- Records for processing:
=== Section Start ===

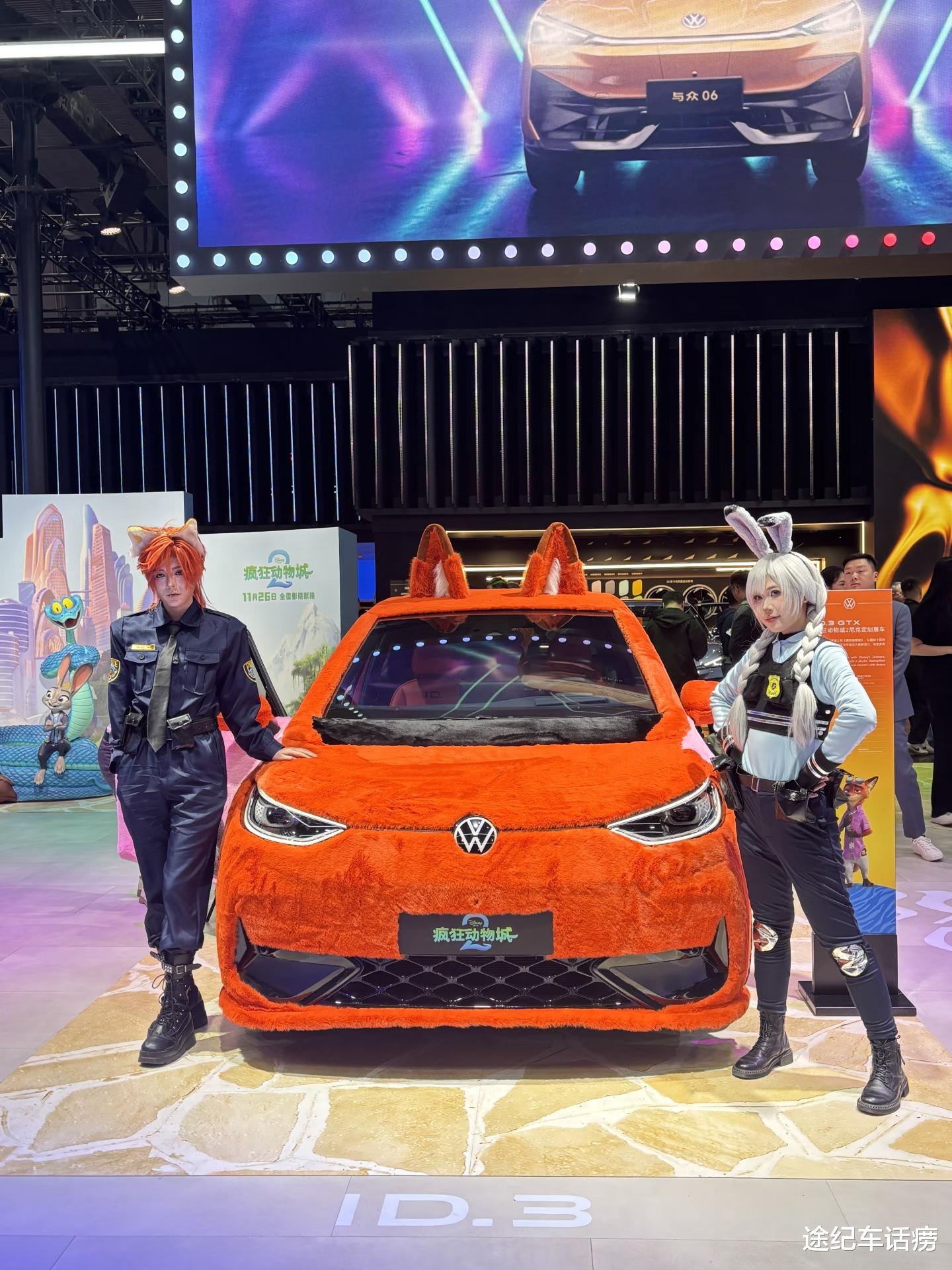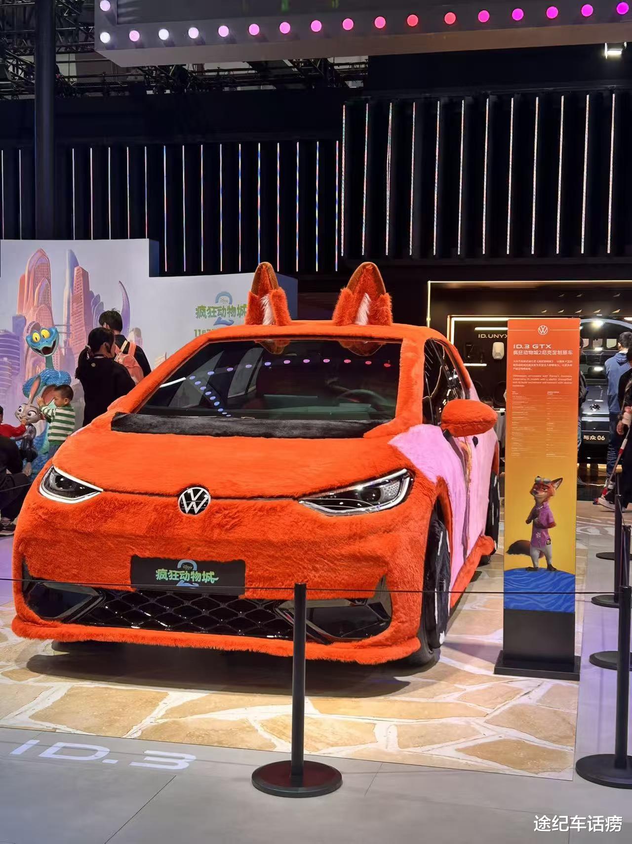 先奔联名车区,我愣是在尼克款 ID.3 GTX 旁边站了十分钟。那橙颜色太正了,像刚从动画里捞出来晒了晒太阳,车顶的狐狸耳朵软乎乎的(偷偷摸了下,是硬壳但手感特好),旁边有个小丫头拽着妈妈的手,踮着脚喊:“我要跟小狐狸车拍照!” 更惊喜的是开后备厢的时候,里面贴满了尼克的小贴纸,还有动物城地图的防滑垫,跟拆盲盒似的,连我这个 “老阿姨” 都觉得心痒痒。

=== Section End ===
=== Section Start ===

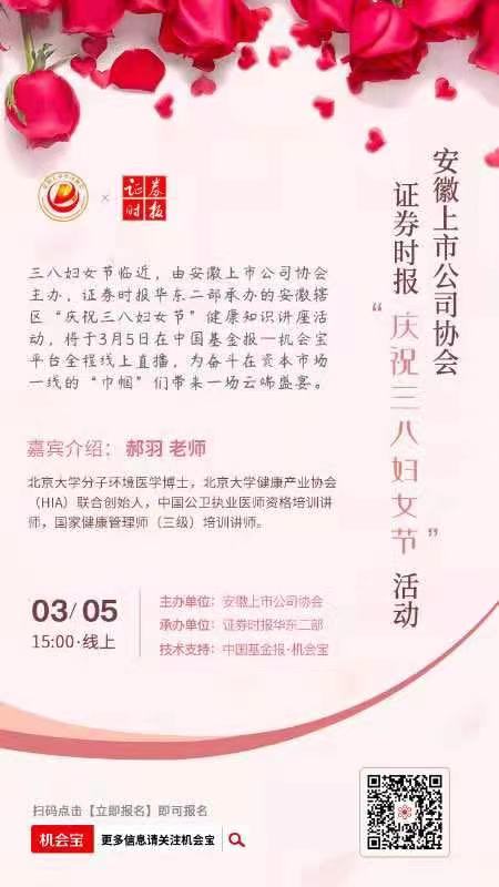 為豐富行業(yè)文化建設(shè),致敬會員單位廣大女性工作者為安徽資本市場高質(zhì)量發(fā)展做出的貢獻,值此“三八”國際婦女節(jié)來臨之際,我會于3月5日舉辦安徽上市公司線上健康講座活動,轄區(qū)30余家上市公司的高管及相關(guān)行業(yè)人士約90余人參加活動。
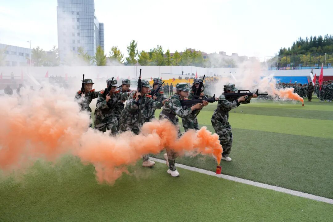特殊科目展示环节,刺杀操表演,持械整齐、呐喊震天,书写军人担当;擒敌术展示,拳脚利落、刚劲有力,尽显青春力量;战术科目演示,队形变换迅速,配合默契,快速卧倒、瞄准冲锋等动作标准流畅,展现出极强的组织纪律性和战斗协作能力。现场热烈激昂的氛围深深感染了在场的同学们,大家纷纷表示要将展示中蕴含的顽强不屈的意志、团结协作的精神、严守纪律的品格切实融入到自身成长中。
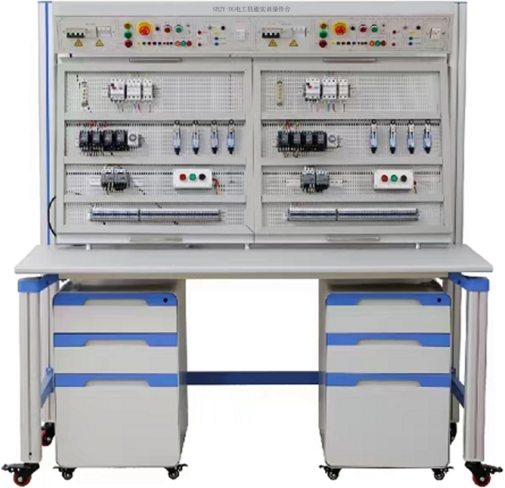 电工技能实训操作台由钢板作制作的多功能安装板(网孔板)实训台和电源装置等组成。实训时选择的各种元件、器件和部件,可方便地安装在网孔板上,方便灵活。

=== Section End ===
=== Section Start ===

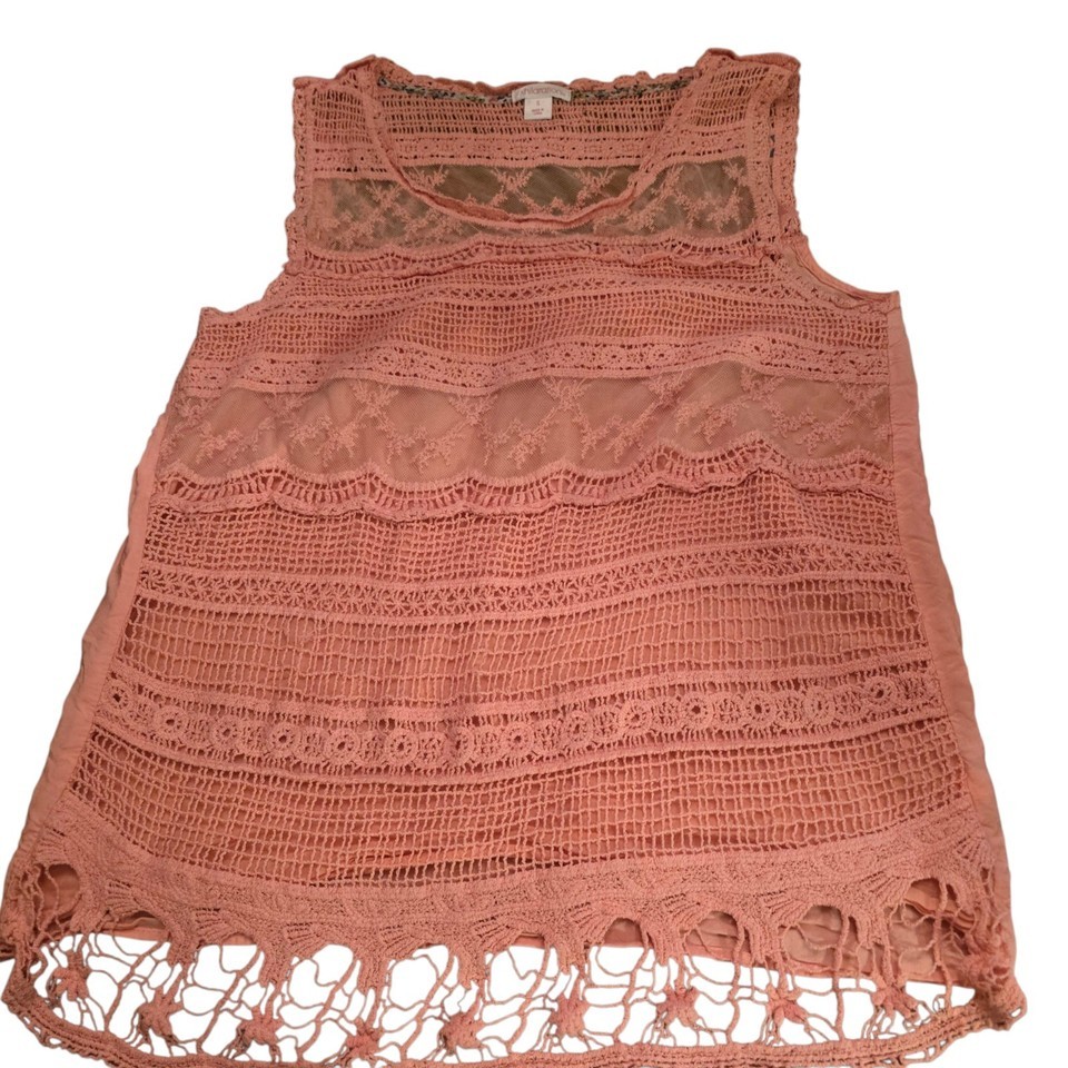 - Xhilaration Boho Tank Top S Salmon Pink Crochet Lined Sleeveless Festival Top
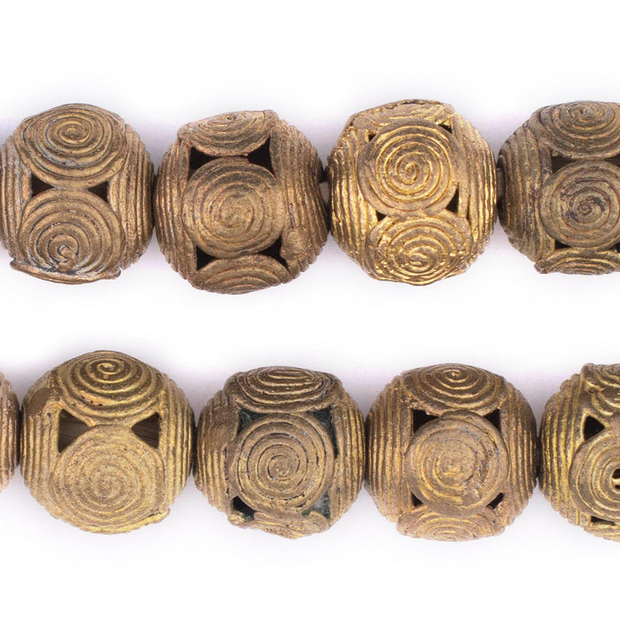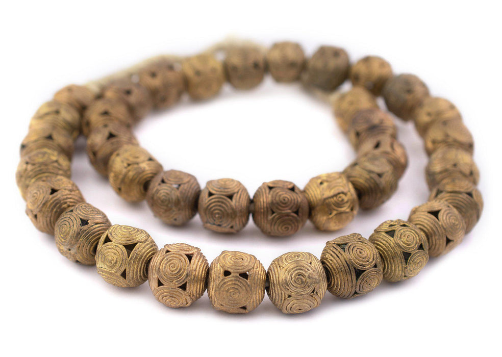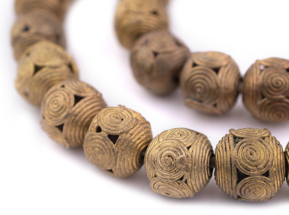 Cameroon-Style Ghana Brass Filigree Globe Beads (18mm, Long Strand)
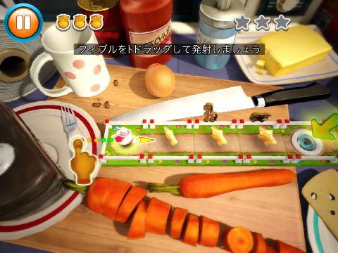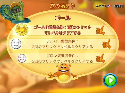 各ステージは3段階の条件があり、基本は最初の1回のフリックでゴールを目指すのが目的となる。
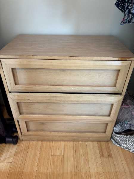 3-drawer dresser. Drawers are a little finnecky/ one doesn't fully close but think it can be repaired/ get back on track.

=== Section End ===

Look back at the data above, then output exactly the lines from the line holding "- Xhilaration Boho" up to and including the line holding "各ステージは3段階の条件があ". Leave out the pictures.

- Response:
 - Xhilaration Boho Tank Top S Salmon Pink Crochet Lined Sleeveless Festival Top
 Cameroon-Style Ghana Brass Filigree Globe Beads (18mm, Long Strand)
 各ステージは3段階の条件があり、基本は最初の1回のフリックでゴールを目指すのが目的となる。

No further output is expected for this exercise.